Plazminojen Aktivatör İnhibitör–1 (Pai–1) Mutasyonu
Plazminojen Aktivatör İnhibitör–1 (Pai–1) Mutasyonu
Plazmin fibrinolitik sistem ve fibrin pıhtısının eritilmesinde esas enzimdir, fibrin ağının son yıkımı plazmin tarafından gerçekleştirilir. Damar içi fibrinolizis; plazminojenin tPA (doku plazminojen aktivatörü) tarafından plazmine çevrilmesi ile başlar ve PAI-1 ile inhibe edilir.
tPA’nın ana düzenleyicisi, plazmada ve trombositlerin alfa granüllerinde bulunan plazminojen aktivatör inhibitör tip 1 (Pai–1)’dir. PAI-1’in dolaşımdaki miktarının çoğu trombositlerde bulunurken %10 ‘luk bir kesimi plazmada bulunur. Trombositlerden lokal olarak salınan PAI–1, stabil trombüsün endojen fibrinolizisinin inhibisyonundan sorumludur. Yüksek PAI-1 aktivitesi fibrinolitik sistem aktivitesinin düşmesine neden olur.
PAI-1 geni polimorfik lokuslara sahiptir. Plazma PAI-1 seviyelerini etkileyen geninde promotorun -675. nükleotidde 4G/5G insersiyon/delesyon polimorfizmi ve -844 G/A tek nükleotid polimorfizmi gibi çeşitli polimorfizmler tanımlanmıştır. 675. pozisyonuna lokalize 4G/4G, 4G/5G ve 5G/5G insersiyon/delesyon polimorfizmleri en çok araştırılanlarıdır. Bu polimorfizm alelde 4 veya 5 guanin nükleotid dizisine neden olur (4G veya 5G), ortaya çıkan farklı alleller PAI-1 ifadelenmesinde değişikliklere neden olur. PAI–1 gen mutasyonu 675. noktadaki tek baz çiftinin insersiyon /delesyon (4G veya 5G ) şeklindeki mutasyondur.
5G /5G varlığı en düşük, 4G/4G ise en yüksek plazma PAI–1 düzeyleri ile ilişkilidir. Azalmış fibrinolitik aktivite artmış PAI–1 düzeyi ile ilişkilidir.
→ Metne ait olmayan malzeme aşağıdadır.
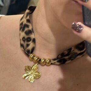 Trendy!!!! Make a fierce fashion statement with this unique leopard print scarf necklace featuring gold-tone beads and a stunning floral pendant. This stylish accessory combines soft fabric with bold metallic accents, offering a chic and trendy look.
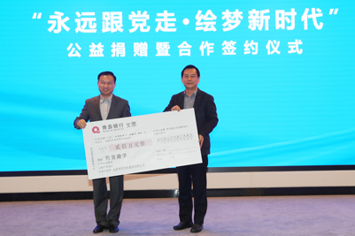 活动现场举行了“永远跟党走•雷神公益行”《中国共产党简史》等图书捐赠仪式,中国光华科技基金会图书捐赠中心主任助理边文聪、青岛雷神科技股份有限公司总经理李艳兵分别代表各自单位向永利yl23411官网捐赠图书;随后举行“永远跟党走•绘梦新时代”山东领军科技集团公益捐赠暨合作签约仪式,永利yl23411官网合作发展处处长卢旺、山东领军科技集团总裁李雪燕分别代表双方签署战略合作协议,李香祖董事长代表山东领军科技集团向永利yl23411官网教育发展基金会捐赠200万元。永利yl23411官网党委书记徐景颜为捐赠嘉宾边文聪主任、李艳兵总经理、李香祖董事长分别颁发了捐赠证书和纪念奖杯。
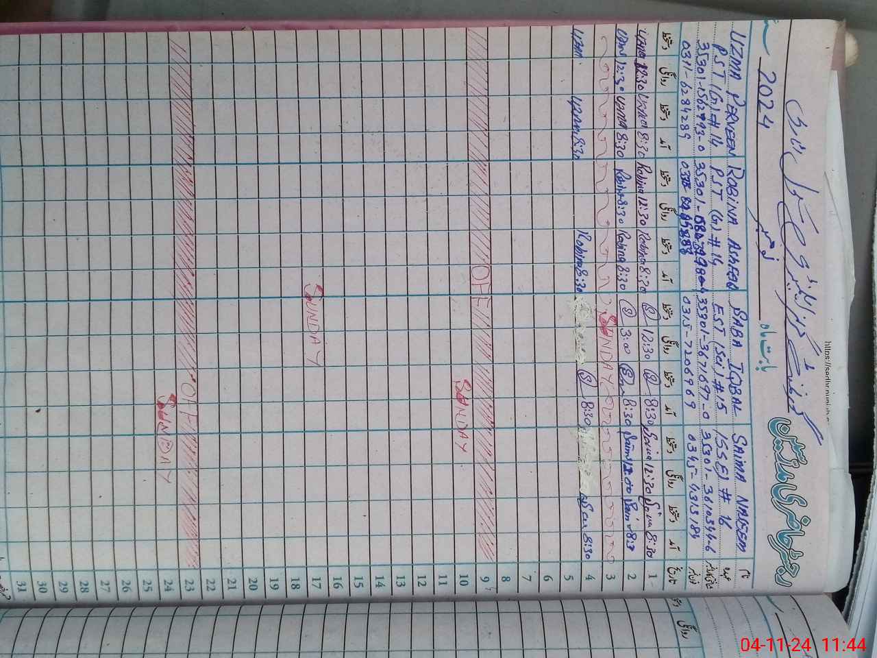 | Leave | Duty | Absent | Maternity | Medical | Ex- Pak |
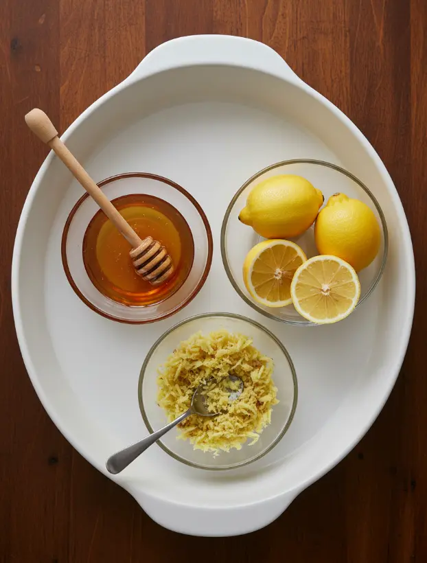 Crafting your honey lemon ginger tea starts with fresh, vibrant ingredients that burst with flavor and health perks. This recipe yields about 2 cups of infused syrup, enough for 20+ servings. Here’s what you’ll need:
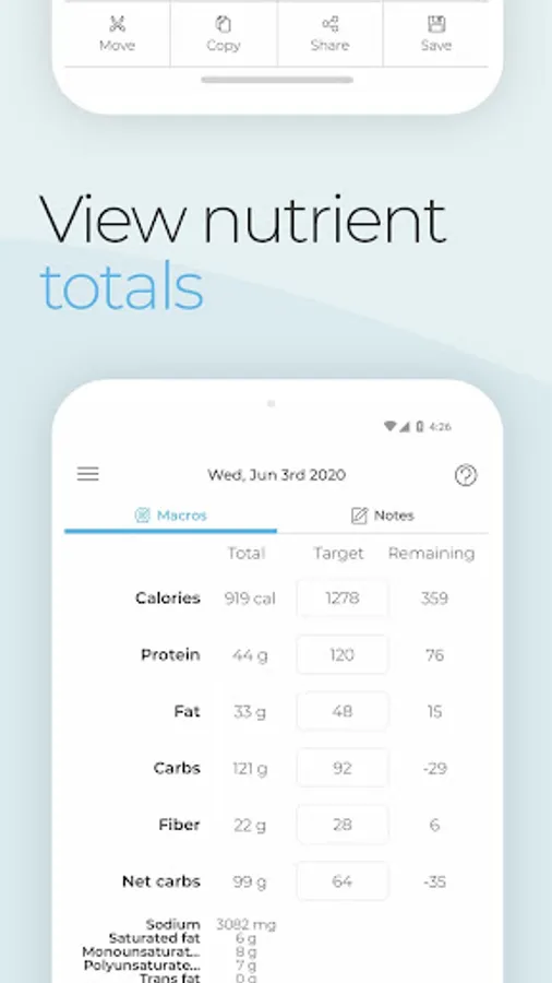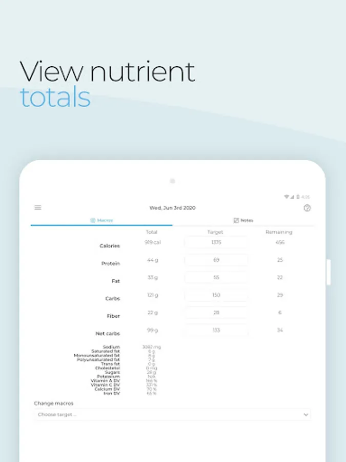 - Ability to view macro totals, targets and remaining values each day as well as micronutrients and vitamins.
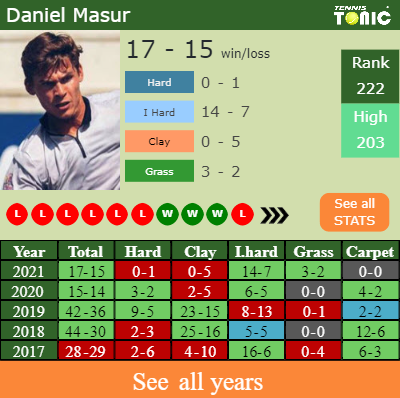 Daniel has a composed 17-15 win-loss record in 2021, 0-5 on clay (See FULL STATS).
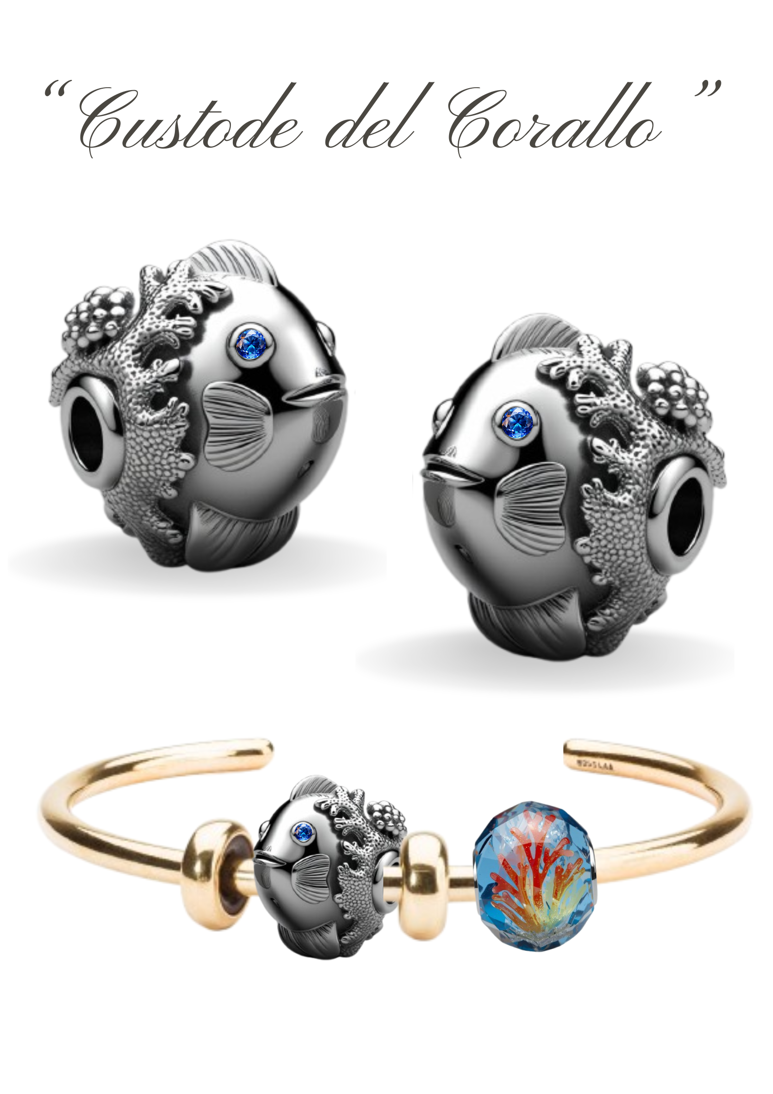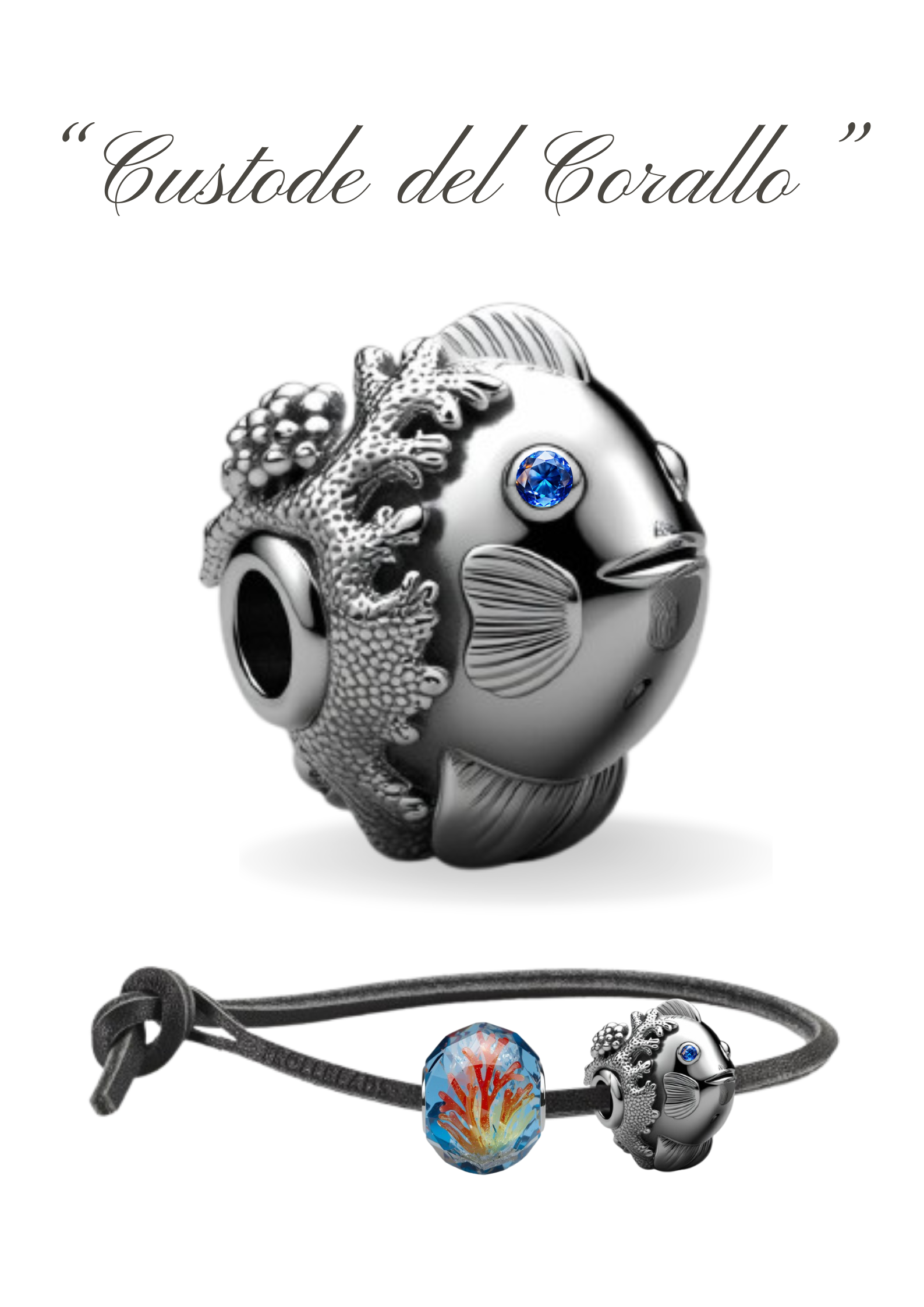 Un Bead a forma di pesce che presenta un design con dettagli marini come coralli e bolle, motivi che ricordano la vegetazione marina. Rappresenta un omaggio alla natura e al potere rigenerante delle acque. Sottolinea, inoltre, l’unione tra il pesce e l’ecosistema del corallo e combina la simbologia della vita, della rinascita e dell'adattabilità del pesce con la protezione, la fortuna e la vitalità del corallo ed in particolar modo con il corallo rosso. Questo amuleto, spesso legato al Mediterraneo, rappresenta un potente portafortuna contro il malocchio, la prosperità e la forza vitale. Il bead rappresenta un piccolo pesce che si fonde armoniosamente con una struttura ramificata di corallo, suggerendo che il pesce stesso è parte integrante della barriera corallina e la protegge. Il pesce simboleggia crescita, trasformazione e la capacità di rinnovarsi, rendendo il bead un simbolo di trasformazione personale. Sia il pesce che il corallo sono associati all'abbondanza e al buon auspicio. Un bead per celebrare momenti importanti, simboleggiando la libertà, la continuità e la forza. Il significato del corallo è quello di essere visto come un simbolo di protezione, fortuna, prosperità e bellezza. Il significato del corallo è diventato anche un simbolo di resistenza e di adattamento. Le barriere coralline infatti sono in grado di sopravvivere in ambienti estremi e di rigenerarsi dopo eventi catastrofici, come ad esempio gli uragani. Questa capacità di resistere e di adattarsi alle sfide è un simbolo di speranza e di perseveranza per molte persone.Il corallo è un ecosistema estremamente fragile e prezioso, minacciato dai cambiamenti climatici. Il pesce "custode" simboleggia la protezione attiva dell'ambiente marino. Indossare questo bead diventa una dichiarazione d'intenti a favore della salvaguardia degli oceani.

Plazma PAI-1 seviyesinde ve aktivitesinde artışKoroner arter hastalığı, miyokart enfarktüsü, felç ve derin ven trombozu riskini artırır. Plazminojen aktivatör inhibitör-1 (PAI-1) polimorfizmlerinden 4G allelinin varlığı kalıtsal olarak iletilebilen kardiyovasküler risk faktörü olarak bildirilmektedir.
Genç yaşta enfarktüs geçiren grupta yapılan bir çalışmada 4G/5G allelinin sıklığı her iki grupta eşit saptanmıştır.
4G/4G mutasyonunun %20 ‘lik bir artmış enfarktüs riski ile ilişkisi gösterilmiş ve bu ilişkisi düşük riskten çok, yüksek riskli hasta popülasyonunda tespit edilmiştir.